Chapter 1: Chapter 1: Science Is Cruel And Evil


Chapter 1: Science Is Cruel And Evil

Twilight turned the page in her book, eyes quickly scanning the new page with hurried glances. She had grown accustomed to this fast pace of reading. Why, in less than a minute’s time, she was already done with the text and was quickly flipping ahead yet again.

Of course, this monotonous task of page turning and hasty reading became somewhat of an addictive habit. Twilight’s mind absorbed the words like a plant to sunlight, growing vast lands of thought from the ink-laden letters to form entire worlds just using her imagination. From grandiose adventures across mysterious lands to the vastness of space while studying the stars, Twilight’s mind could conjure up the most fantastical interpretation of the book’s words.
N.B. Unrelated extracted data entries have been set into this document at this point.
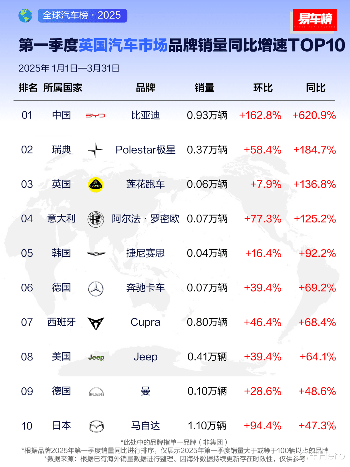 在英国市场,比亚迪宋Plus DM-i搭载了第五代DM技术,3月份摘得插电式混合动力汽车销量冠军,一季度销量达到0.93万辆,同比增长620%,并在12个核心城市完成了门店布局。
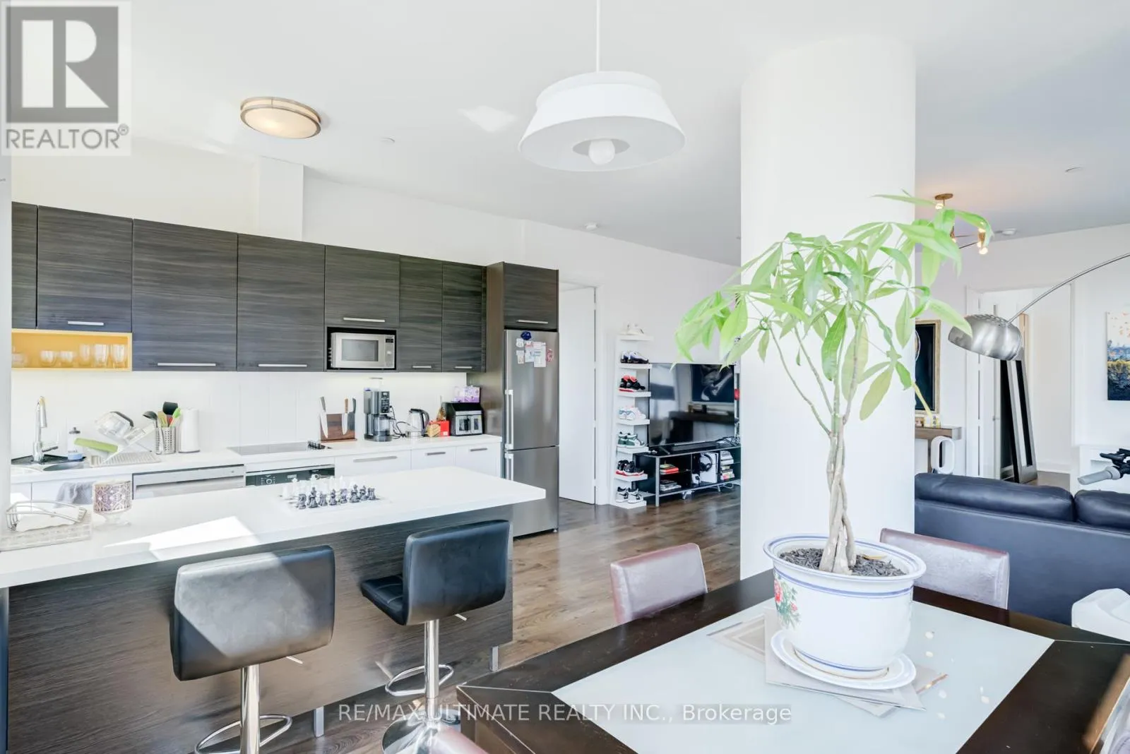 Lake Shore Blvd W & Park Lawn Rd Experience exceptional waterfront living in one of the largest and most desirable layouts at Key West Condos. This sun-drenched 2-bedroom corner suite offers an impressive 1,212 square feet of thoughtfully designed interior space, complemented by an additional 268 square feet of outdoor living across two private balconies. Bathed in natural light from expansive windows throughout, the suite showcases serene southwest views over Mimico's lush, tree-lined surroundings. The functional, open-concept layout offers no wasted space, creating an effortless flow for both everyday living and entertaining. The spacious primary retreat features a generous walk-in closet and a beautifully appointed 4-piece ensuite, while the second bedroom offers its own private 3-piece ensuite and walk-out to a west-facing balcony - ideal for guests, family, or a stylish home office. At the heart of the home, the modern kitchen is equipped with top-of-the-line stainless steel appliances, ample cabinetry, and expansive counter space, seamlessly connecting to the dining area through a convenient breakfast bar - perfect for hosting or casual meals. Set in a vibrant yet peaceful lakeside community, this location offers the best of both worlds. Enjoy effortless access to the TTC, Metro, Shoppers Drug Mart, medical clinics, banks, cafés, and an array of highly rated restaurants, all just steps from your door. For outdoor enthusiasts, the nearby waterfront, scenic trails, and parks provide a stunning natural escape right in your neighbourhood. (id:27476)
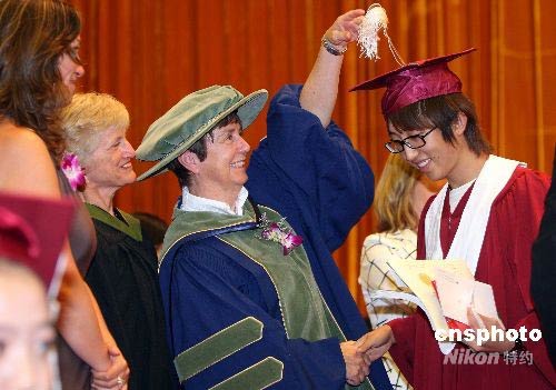 六月二十八日,北京中加學(xué)校2008年高中及IHM專業(yè)學(xué)生畢業(yè)典禮在北京人民大會堂舉行,321名學(xué)生經(jīng)過在該校三年的學(xué)習(xí),獲得中國和加拿大兩國高中畢業(yè)證書,其中有314名學(xué)生申請了加拿大的大學(xué),并被加拿大及歐美、澳大利亞共68所大學(xué)錄取,錄取率為100%。圖為加拿大教育官員為畢業(yè)學(xué)生撥帽繩。中新社發(fā) 毛建軍 攝
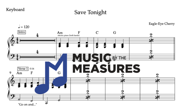 Keyboard Sheet Music for “Save Tonight” by Eagle-Eye Cherry

The downsides to this were the lack of sleep from late night studying, and the really obvious one, disregarding her surroundings when reading. Which was happening right now, with Spike waving a claw in front of her face.

Hello? Twilight, you in there somewhere?” Spike asked, snapping his fingers in front of Twilight’s face to literally snap her out of whatever trance the book had placed on her.

Twilight shook her head, blinking her eyes rapidly to clear her thoughts from the invigorating world of words she had descended into.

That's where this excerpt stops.